- Exercise details
Copy every line from the one that holds "King David (portal" to the end of the records below, exactly and with nothing else, but without any pictures.

Records from a collection
════
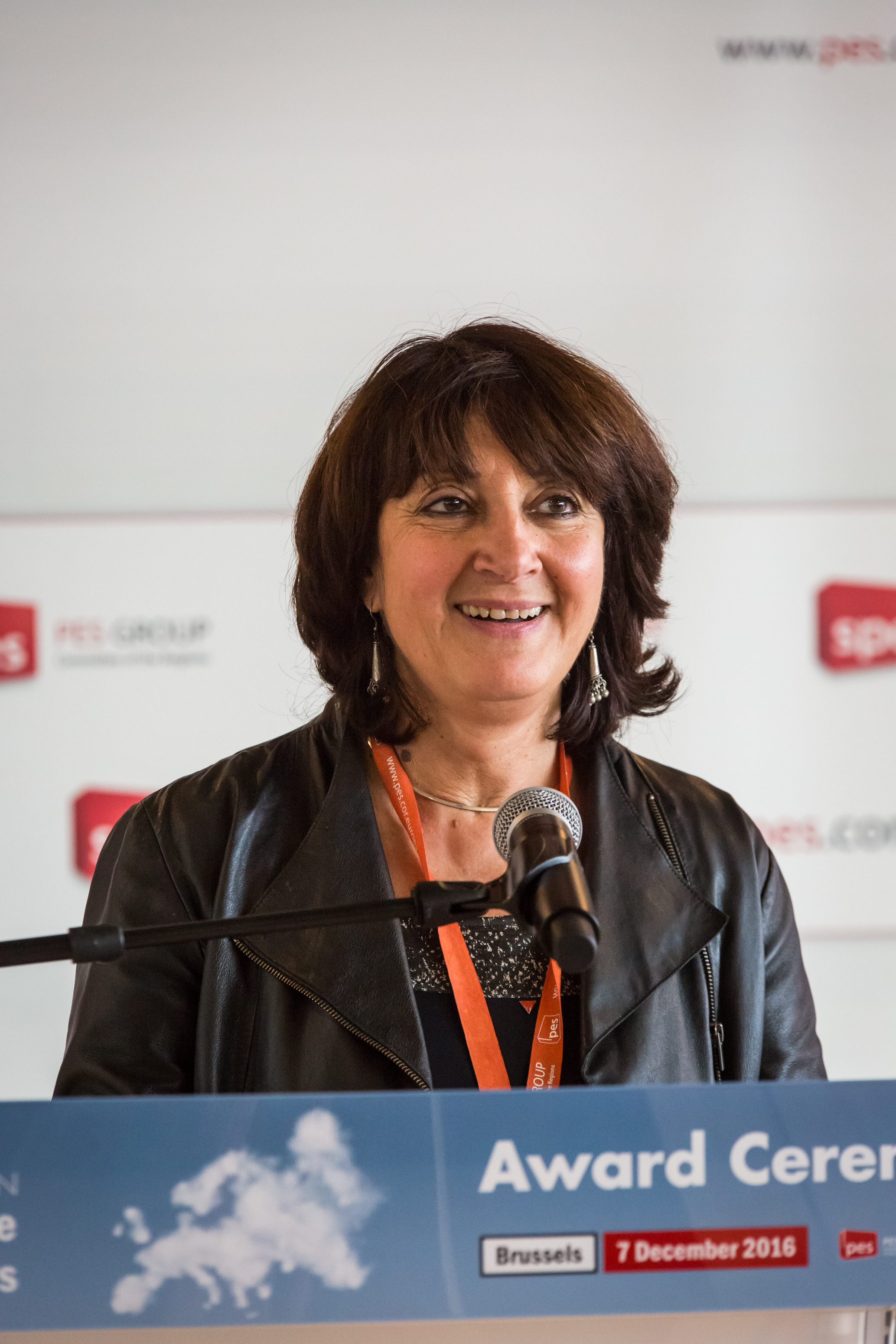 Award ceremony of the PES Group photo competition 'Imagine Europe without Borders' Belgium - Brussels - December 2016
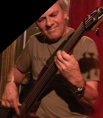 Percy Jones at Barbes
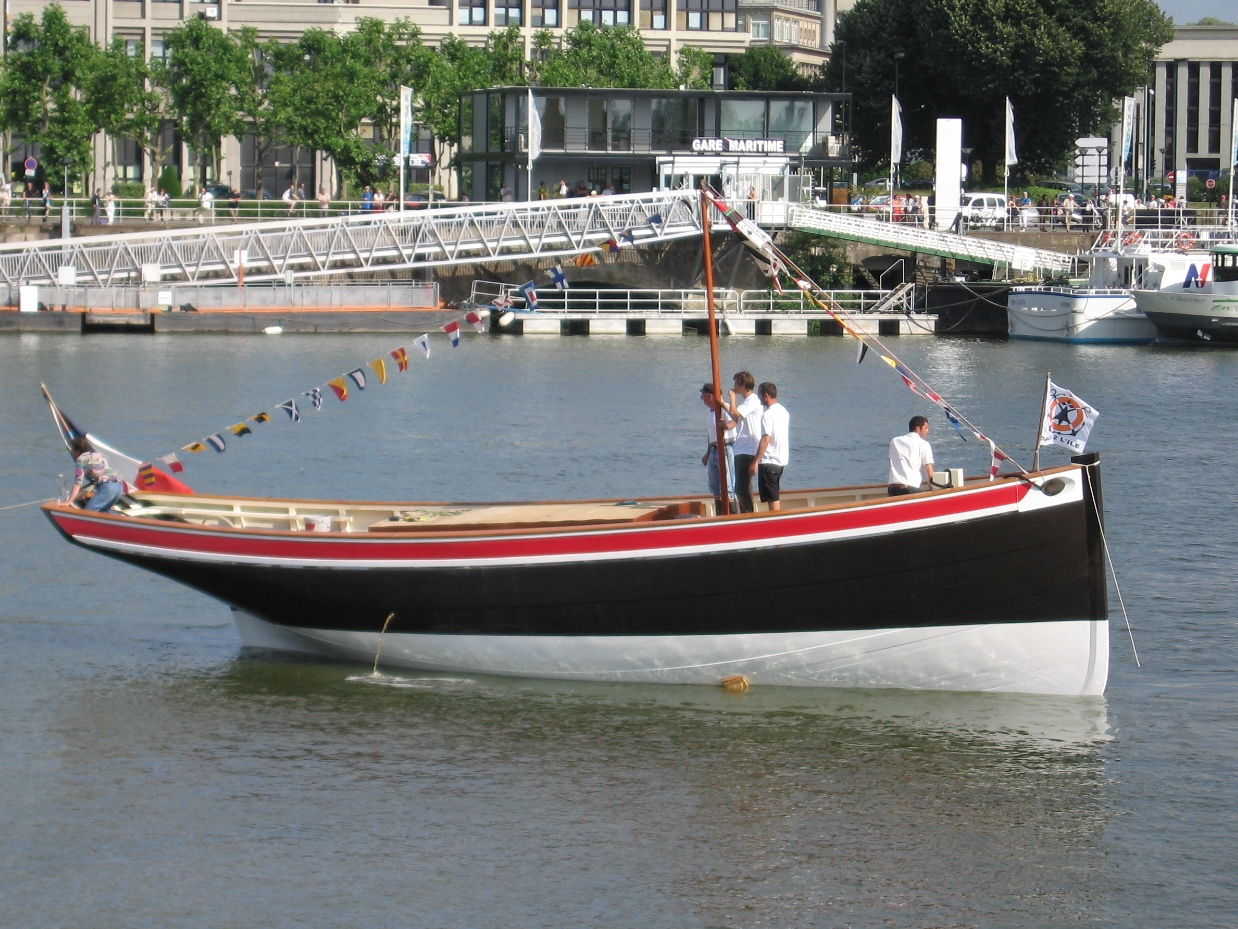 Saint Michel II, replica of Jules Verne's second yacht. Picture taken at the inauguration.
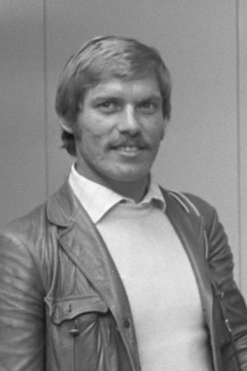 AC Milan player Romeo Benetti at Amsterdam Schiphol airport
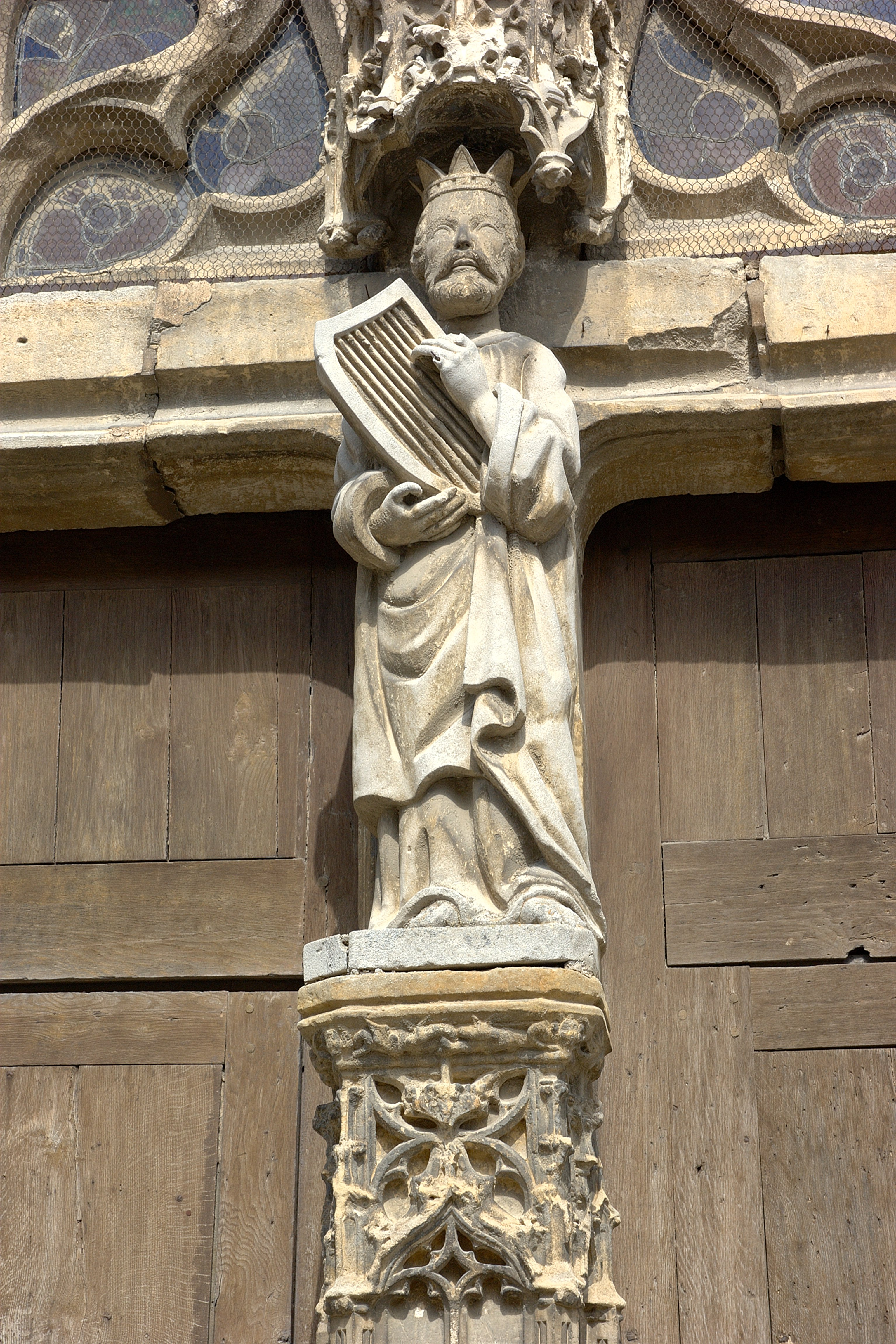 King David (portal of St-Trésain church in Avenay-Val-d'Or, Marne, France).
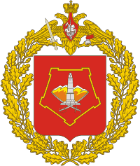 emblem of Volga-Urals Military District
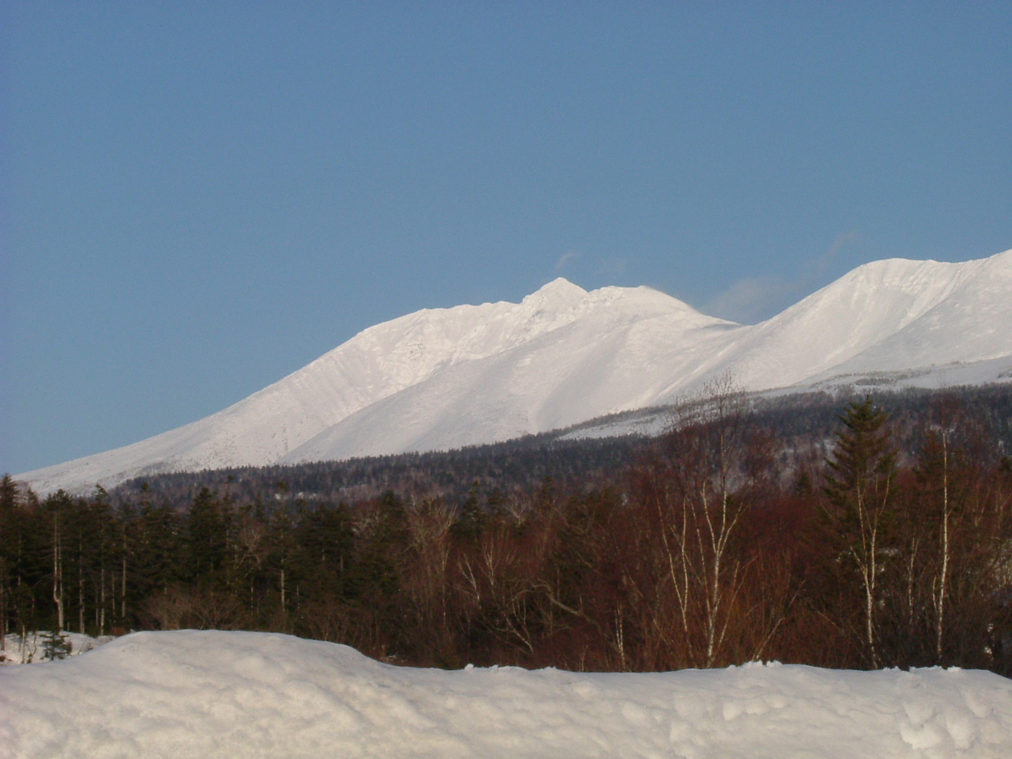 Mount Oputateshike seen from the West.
════
- Your response
 King David (portal of St-Trésain church in Avenay-Val-d'Or, Marne, France).
 emblem of Volga-Urals Military District
 Mount Oputateshike seen from the West.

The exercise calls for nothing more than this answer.